With new studio, chase vehicle, Tea Storm Chasers prepares for severe weather season ahead
The soundtrack to Aj Towne’s day is a blur of beeps, rings and tones.
There’s the group message he and a dozen or so members of Tea Storm Chasers use to run their breaking news services.
There’s a barrage of notifications from the organization’s more than 100,000 followers.
There’s the never-ending cacophony of law enforcement calls for service.
And, of course — what started it all — there are the severe weather alerts.

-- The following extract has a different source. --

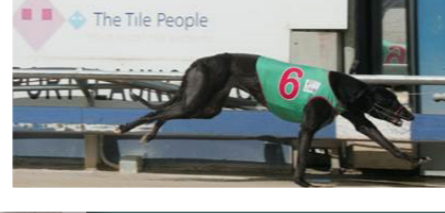
Daniel's Bay : Winner of 2014 Minister's Gift

“Everybody in the organization is a volunteer,” said Towne, who founded Tea Storm Chasers as a nonprofit in 2015, after sharing his storm-chasing adventures for about five years prior to that.
Increasingly, though, Tea Storm Chasers is looking more like a maturing nonprofit than a scrappy startup. Towne and the team no longer work from their spare rooms, basements and vehicles but have access to their newly leased office space in a Tea retail center.

Inside, there are multiple studio backdrops, work stations and a training area for the many volunteers who help storm chase.

“The reason we did get the space was more access, to bring more members on and have members be able to have a place to come and hang out,” Towne said. “We have TV here, we have a kitchen, bathrooms.”
And like-minded individuals who love the thrill of a storm chase.
“Everybody likes storms that’s part of this,” Towne said. “We can sit and watch Twister.”
While it’s been a slow start to the spring severe weather season, Towne predicts there will be storms ahead.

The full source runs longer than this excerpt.